How do astronomers measure the diameter of a star?

  Since stars are too remote for any telescope to measure their diameters directly, how do astronomers know that Sirius is 1.8 times the diameter of our Sun or that Aldebaran is 45 times wider? The answer is indirect measuring techniques, which have yielded the diameters of several hundred stars.
  The first method involves the precise electronic monitoring of a star when it is blocked out by the Moon. As the Moon makes its monthly orbital trek around Earth, it passes in front of many stars, but only occasionally are the stars bright enough for the detection equipment to complete the experiment. Although the technique is little more complicated than observing the length of time it takes for the star to disappear (which is almost instantaneous), it has revealed accurate diameters for several dozen stars.
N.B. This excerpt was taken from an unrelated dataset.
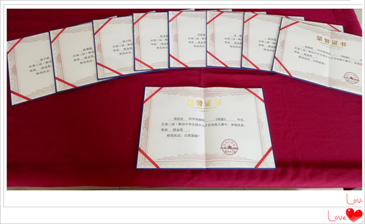 遠(yuǎn)恒佳少年宮參加深圳海雅大劇院第三屆"舞動(dòng)中華"全國(guó)少兒才藝電視大賽,中國(guó)舞六級(jí)班《響扇》榮獲特金獎(jiǎng)。中國(guó)舞三級(jí)班《天天向上》榮獲金獎(jiǎng)。

  However, the Moon's path is limited to a specific sector of the sky, and astronomers anxious to determine the sizes of other stars developed two exceedingly painstaking techniques—stellar interferometry and speckle interferometry—that ultimately required years of refinement to capture the diameters of a handful of stars. Both methods involve electronic analyses to cancel out the interference of the Earth's atmosphere and to take advantage of the physical properties of light propagation. To appreciate the difficult nature of these experiments, consider the fact that a typical star seen from Earth is about the same size as a walnut on the Empire State Building viewed from a distance of 600 kilometers, or as far away as Toronto.
  The techniques of stellar interferometry, speckle interferometry and electronic monitoring of lunar occultations have produced the diameters of many of the stars in the Milky Way. The diameter of a star can also be inferred from stellar-evolution theory, based on the calibrations provided by the diameters of stars that have been measured. In this way, almost any star can now be tagged with an estimated diameter.
  In tallying up the diameters, we find that among all the naked-eye stars, less than 1 percent are smaller than our Sun. And yet a census of all stars shows that the average star is both smaller and dimmer than the Sun. Thus the incongruity of the starry sky as seen from the backyard: It is the giants, the blazing beacons of the galaxy, that make up the familiar constellations. The average citizens of our starry vault make a
negligible contribution to the night sky.